When you follow the listed suggestions above, you will have compiled an extensive profile of foods you commonly eat. Furthermore, you will have vested 40 consecutive days worth of health and nutrition toward your performance nutrition goals. That’s amazing when you think about it!
STEP #6: Final Stretch, 3x Per Week
Once you complete the Simple Start Phase, we recommend you continue logging 3x per week (twice during the week [ex, Monday, Wednesday] and once on the weekend [ex, Saturday]) for the next 3-months. Once concluded, you will become:
- Accustomed to fit serving sizes.
- Increase awareness of the type and amount of foods you’re consuming.
- Inspire you to make healthier choices.
- Nutritionally accountable, lessening the need to journal food every day.
Closing Remarks
Duhigg says that, ultimately, willpower is the essential keystone habit if you want to achieve success. Everything boils down to your self-discipline. Do you do what is right or best even though it might not be the most comfortable choice? Or do you give in to what is going to give you the most immediate satisfaction?
Managing your performance nutrition plan will be a lifestyle change that will take willpower and discipline. However, by following the Simple Start plan outlined, you will be able to harness the momentum of your habits and improve your health and performance in drastic ways, so they become an automatic behavior — something you do without even thinking about it.
Bibliography
- Burke L.E. Experiences of Self-Monitoring: Successes and Struggles during Treatment for Weight Loss. March 2008; vol 29 (2): pp 182-193. Retrieved from US National Library of Medicine National Institutes of Health.

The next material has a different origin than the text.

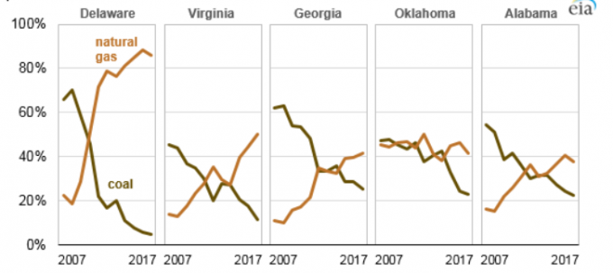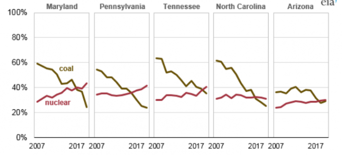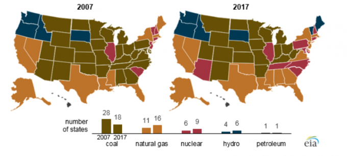 Из 10 штатов, в которых уголь в 2007 году был основным источником электрогенерации, к 2017 году 5 штатов перешли на природный газ и 5 — на атомную энергию.
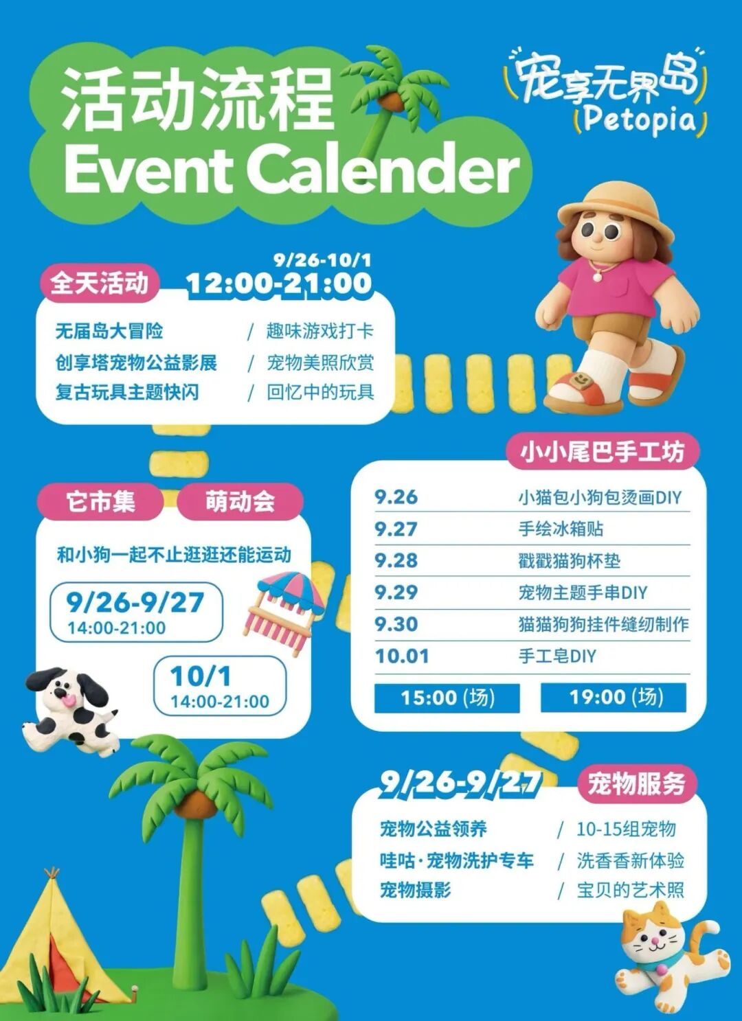 国庆中秋假期,毛孩子也有专属狂欢!即日起至10月1日,“宠享无界岛(Petopia)”强势登陆创享塔,为养宠家庭打造沉浸式萌宠乐园,现场设有萌宠市集、宠物运动会和手工体验区,家长可以带着毛孩子运动打卡、定制心意好物;公益板块将联动宠物救助机构,开展领养咨询,传递温暖。

- Duhigg, C. (2012). The Power of Habit: Why We Do What We Do In Life and Business. USA: Random House. Retrieved from charlesduhigg.com.
- Flynn, F. J. and Ames, D.R. What’s good for the goose may not be as good for the gander: The benefits of self-monitoring for men and women in task groups and dyadic conflicts.Journal of Applied Psychology, March 2006; vol 91 (2): pp 272-281. Retrieved from American Psychological Association.
- Hollis, J.F. Weight Loss During the Intensive Intervention Phase of the Weight-Loss Maintenance Trial. American Journal of Preventive Medicine, August 2008; vol 35 (2): pp 118-126. Retrieved from American Journal of Preventative Medicine.
- Magee, E. RD (2008, May) WebMD: Weight Loss & Obesity. Can a Food Diary Help You Lose Weight? Retrieved from WebMD.com.